My own sense is that certainly in absolute numbers there are more of these types of shows. But in relative numbers there are not. With changing technology, we have hundreds of channels to choose from. And so when you have all of those stations operating 24 hours a day, there is a lot more programming time to fill. Sports have always been one of the big beneficiaries of that time, and now it’s the shows like Survivor and Millionaire. There was a sense, even before the danger of the work stoppages, that with the huge appeal of Survivor, this sort of show was going to become more and more dominant. But the ratings for these programs have fallen significantly, so there’s probably no real concern about the Screen Actors Guild and the Writers Guild and the other entertainment unions losing a lot of jobs to those shows. Actually, their big concern is not about Survivor. It’s about the fact that so much of film and television production has now been lured north of the border to my native Canada. Obviously Los Angeles remains by far number one, and New York is still number two, but now numbers three, four, and five in the world for making “Hollywood” movies are Toronto, Vancouver, and Montreal.

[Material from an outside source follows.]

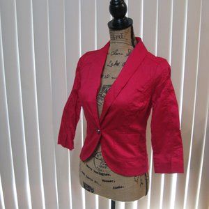NWT Express hot pink blazer suit suiting jacket size 0 XS extra small. Silver single button closure. Slightly slick material feels like a crisp poplin. Three-quarter ¾ length sleeves. This style runs big and fits more like an Express size 2. This is early 2000s Y2K vintage. Brand new, never worn. Original price: $79.90
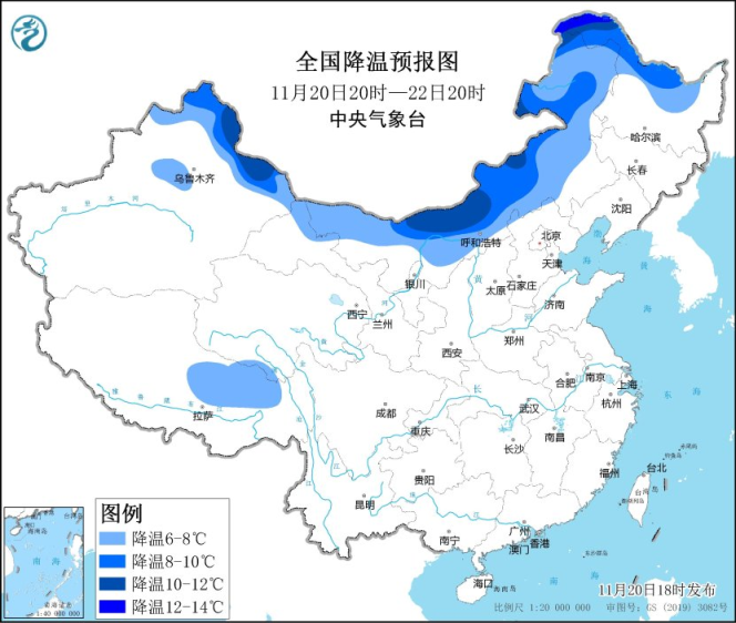 受寒潮影响,11月20日夜间至24日,我国长江中下游及以北地区气温将先后下降6~10℃,其中,内蒙古、东北地区、华北西部和北部、黄淮东部等地降温12~16℃,内蒙古中东部、东北地区东部等地部分地区降温幅度可超过16℃,大风降温主要时段为22日至24日;寒潮影响后,最低气温0℃线将位于苏皖中北部至河南中南部、陕西南部、甘肃东南部等地,内蒙古中东部和黑龙江大部最低气温将降至-20℃以下,局地可达-30℃以下;同时,上述大部地区伴有4~6级偏北风,阵风7~8级,局地9级;23日至25日,我国东部和南部海区也将先后出现6~8级大风,阵风9~10级。

Why are so many movies filmed in Canada?
Obviously one of the key things is that there is considerable talent in Canada. Second, Canada looks so much like the United States, we would never know the difference between most parts of Toronto and Boston, for example. The other thing that makes a significant difference is the surge in value of the American dollar relative to the Canadian dollar. That means the cost of production is about two-thirds the cost of doing it in the United States. And then you add to that the fact that 11 cents of every film production dollar spent in Canada is paid for by the Canadian federal government, and another 11 cents is paid for by the province where the movie is made. That’s a major-league discount. It’s interesting to note Americans are very upset at Canadians spending those taxpayer dollars to lure moviemaking north of the border. And Canadians are very upset about Americans spending taxpayer dollars to lure sports teams south of the border, like the NBA Grizzlies, who recently moved from Vancouver to Memphis. Nobody on either side sees that if you really are interested in doing the right thing, maybe you should be addressing both sides, not just your favorite side.
You accurately predicted that A Beautiful Mind would win the Best Picture Oscar. Are there any other movies from 2001 that you’d recommend?
Another one I can give you—and the critics haven’t been anywhere near as favorable about it as I have been—is The Majestic. It is about the “Hollywood 10” blacklist. One of the things that very few people know about is that the major opponent, or at least one of the major opponents of that congressional effort, was one of the key early union leaders of the Screen Actors Guild. He organized the most equitable strike in Hollywood history, and used that to put himself in the White House; though by then not as a liberal Democrat but as a conservative Republican. That’s how the world changes. Anyway, Ronald Reagan is not at all a factor in The Majestic, but I really liked that movie.
Does Harvard Law School have any particular importance in the history of American sports or entertainment?
Actually, I’ve just finished writing a little nonbook about how to see, understand, and enjoy, among other things, the creation of American football in the greater Boston area. And what you should know is that back in May of 1874, the first official American-style football game ever played took place on Jarvis Field on the Harvard Law School campus, with Harvard facing off against McGill University.